3. Discuss mHealth devices patients might be using

With 62 percent of US adults owning smartphones, finding an excuse to discuss mobile apps isn’t too hard these days.  Wearables like the Apple Watch are on patients’ minds too, and have found to be a more recent topic of discussion. Like many, you may see apps as simply a way to promote your healthcare system’s services, or only as an extension of an online web portal.  Here are a few new ideas we’re seeing from hospitals that you may not be aware of:

  • Apps for pre-op and post-op – Doctors walk patients through what to expect before and after surgery, including checklists, packing information, and how to set up appointment reminders.
  • Apps for managing a health condition – Want to share heart-healthy recipes with a cardiac patient? You could try brochures or pamphlets, but they are likely to go missing or simply thrown away.  Apps are great for patients that need to access information quickly.

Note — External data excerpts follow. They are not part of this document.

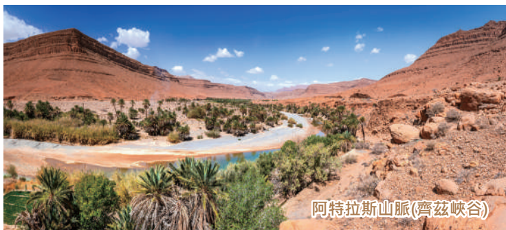
阿特拉斯山脈(齊茲峽谷)

🏠 住宿：KASBAH XALUCA 或 CHERGUI 或同級酒店 🍽️ 早：酒店 | 午：當地餐廳 | 晚：酒店
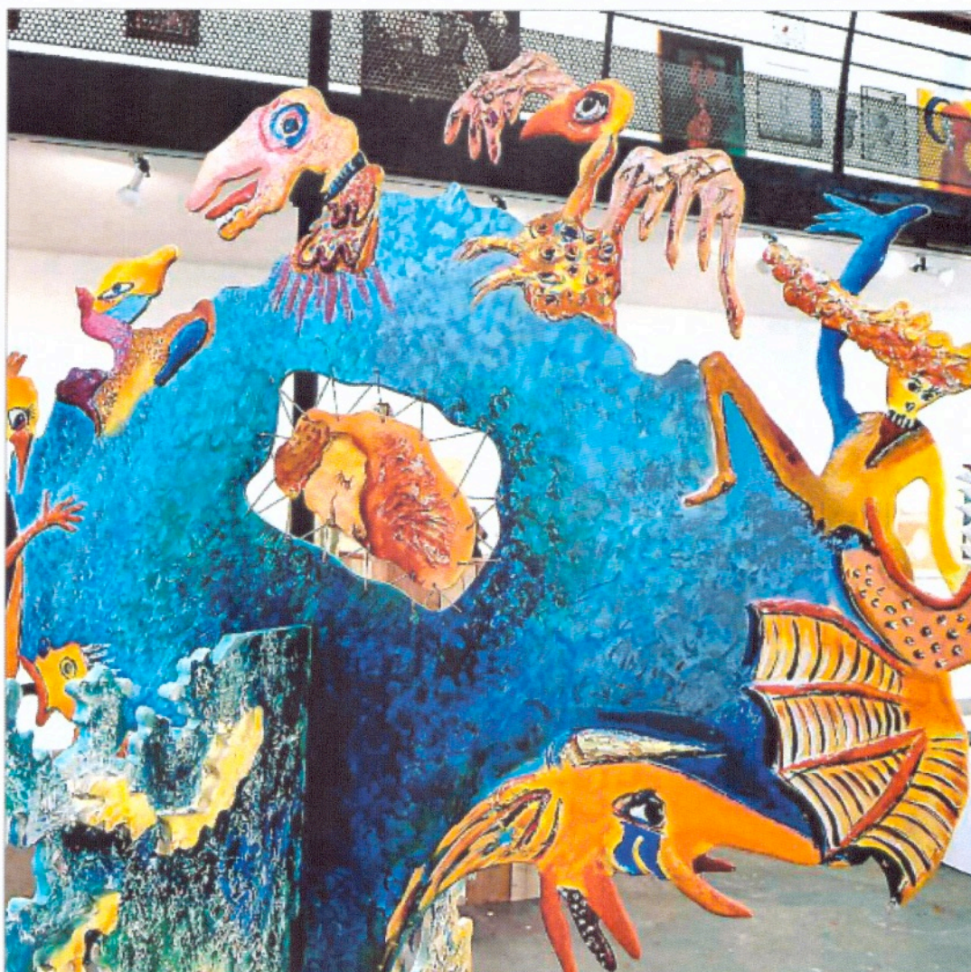
► L'exposition est visible jusqu'au 5 novembre à la coopérative, à Montolieu.
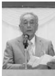
頭木会佐々木あいつ

青年部はもとより商工会議所も20周年を迎えます。全国的にみてもたいへん若い会議所です。そして若いゆえにパワーがあります。
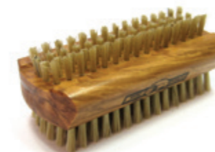
Handwaschbürste 9,5cm helle Borste | stark
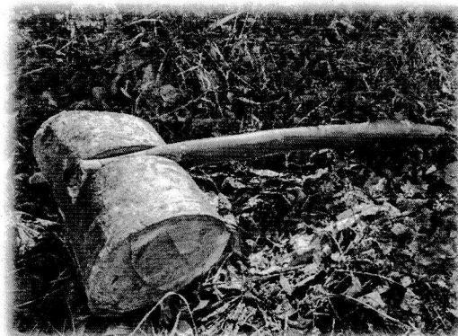
私が作成した木槌

木槌も4回作りました(作り方も使い方も悪いのかすぐ壊れてしまいます)。木槌の振り下ろし方も、肘から落としたり肩甲骨を上げてから降ろしたり膝を抜いたりしてより楽に割れるように試行錯誤しています。綺麗に割れたときの音や爽快感はたまらないです。
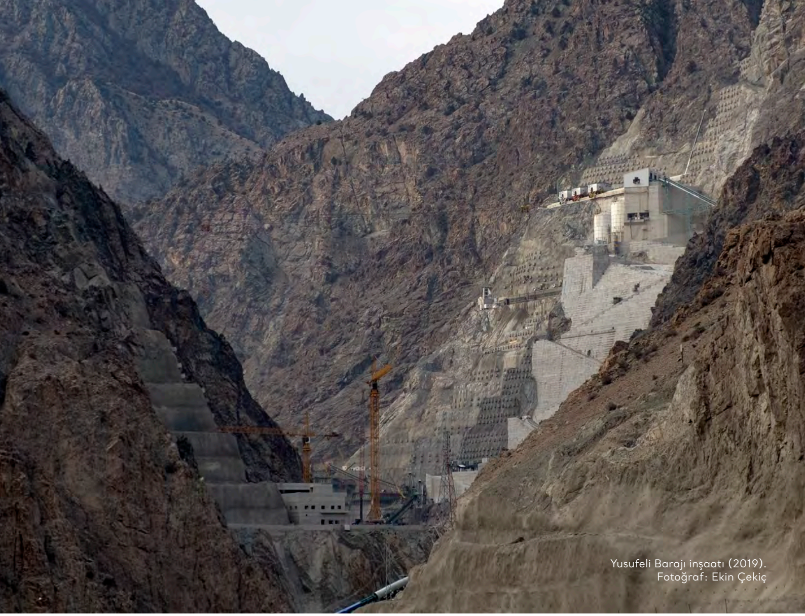
Yusufeli Barajı inşaatı (2019).
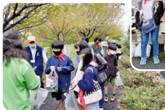
▲旭区では、区内の小学生も街や河川などの清掃活動に取り組んでいます!
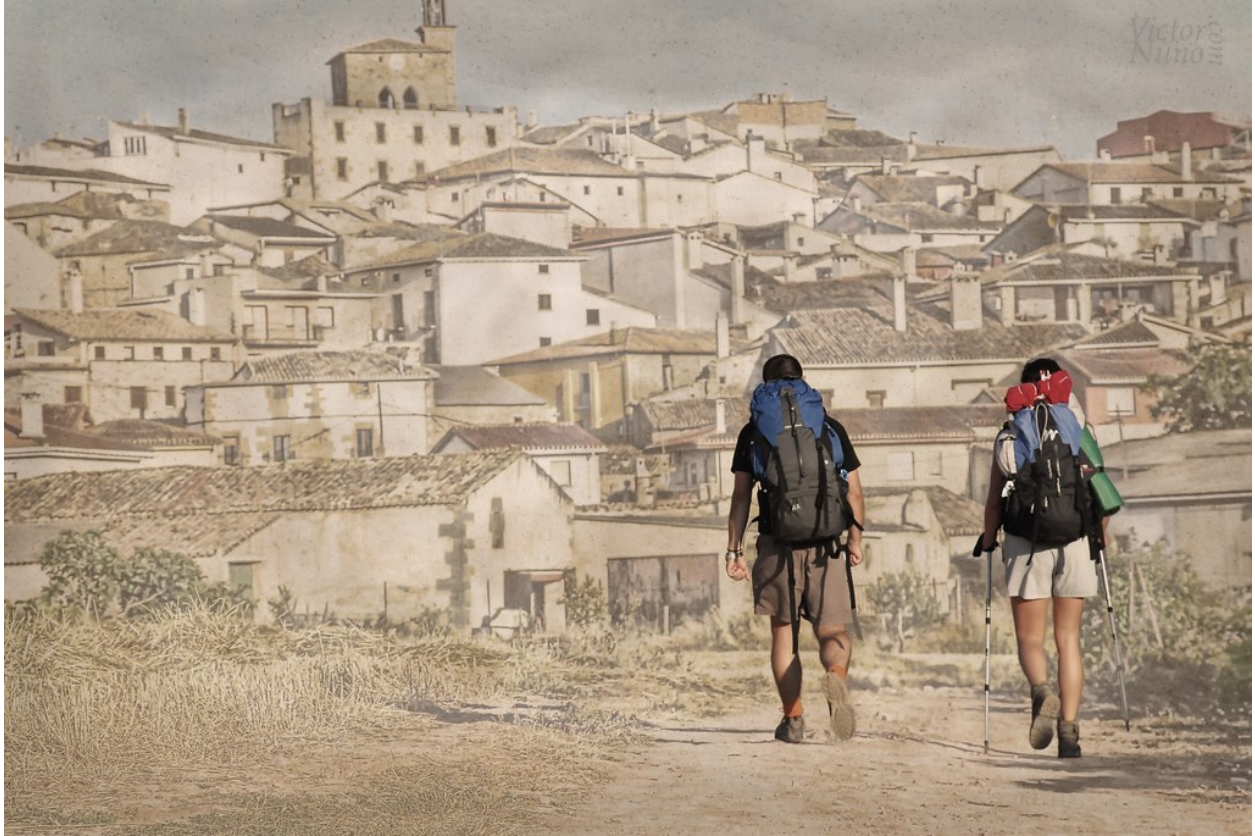
"El cuento de la vida"
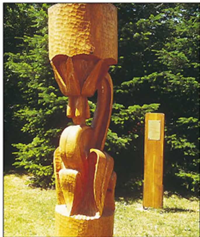
„Kakas-mandikó” – Kaposvár

– Az első Kaposváron, a Megyeháza előtt áll. Minden szobor egy-egy különleges és jellemzően zselici növényt, virágot ábrázol. Az első szobor „modellje” a kakas-mandikó. Ez a virág annak a különleges, szimbolikus hídnak az első pillére, mely a modern, XXI. századi várost összeköti az őstermészettel. A „Vadvirág út” Szilvásszentmártonban ér véget, ahol autóval már tényleg nincs tovább. Erdei ciklámen, mocsári nőszirm, ökörfarkkóró, őszi füzértkercs „áll őrt” az út mentén – hogy csak néhányan említsek a huszonegyből –, mely őt településen halad át. Azt remélem, hogy ezek

In my own experiences, some clinicians go above and beyond to make a connection or provide resources, while others simply provide a brief diagnosis and answer a few questions.  It’s what happens after the exam room that matters to me.  How do I view lab results? What can I expect in the future?  Answers to follow-up questions can sometimes be inconvenient or difficult to ascertain quickly from a mobile device.

As tech changes the way clinicians interact with patients, keep an eye on topics like wearables and mobile apps as they enter the conversation.  With innovation at a tipping point in healthcare, how will you respond?